For one thing I realized I was falling into the old Disney cliché of one parent being mysteriously missing/dead (seriously, I can think of exactly two heroes who have both parents alive in the main story who survive all the way through, Mulan and Princess Aurora, and in a lot of cases where one parent is dead it mostly seems like it's because they didn't bother writing them in), and also I realized I was skirting uncomfortably close to Women in Refrigerators syndrome*. That and it’s just more interesting to write the character’s relationship with both parents alive, and I’ve discovered that writing two people who’ve been together for a long time interacting with each other actually comes very easily to me, not to mention that it's fun.

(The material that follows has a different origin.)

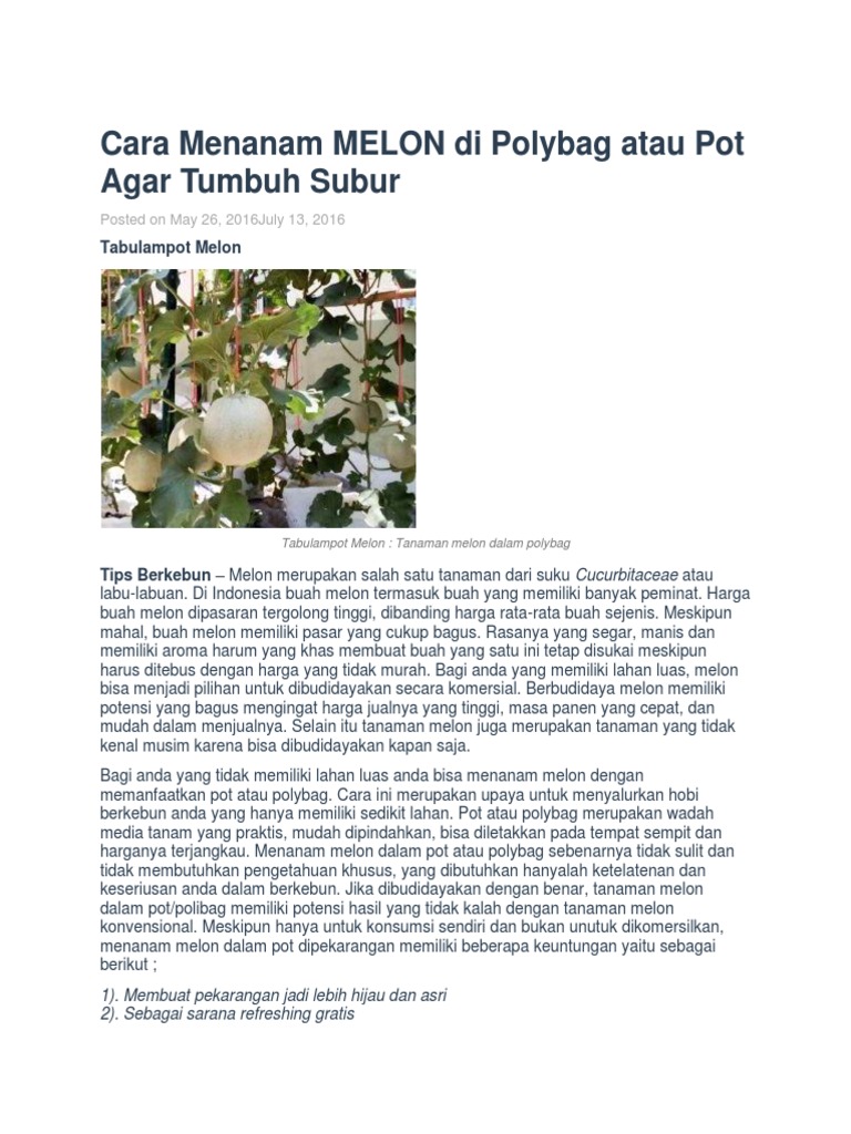 Cara Menanam Melon Di Polybag Atau Pot Agar Tumbuh Suburdocx

*Which, for those who don't know, is a term coined by Gail Simone for when a character, usually a woman, is killed off in a particularly mean spirited manner solely to provide angst/motivation for another, usually male, character.
athenaltena: (writing)
So I was filling out stuff on my NaNoWriMo page and the info on my story I realized that the title I have for it is really, really old and from a time when the story was much different.

For one thing the main character was actually the son of two characters from the current one, and this story actually started as an idea for a prequel before I'd ever written anything down, and eventually it usurped my headspace and became my main focus. At this point I don't know if I'll ever get to their son since I have to finish his parents' story first!

So the working title was and still is Protege, which still kind of works but not as well. So I'm debating if I should try to change it or just leave it for now. Or maybe I'll get an InspiroBrick&trade to the head that'll help.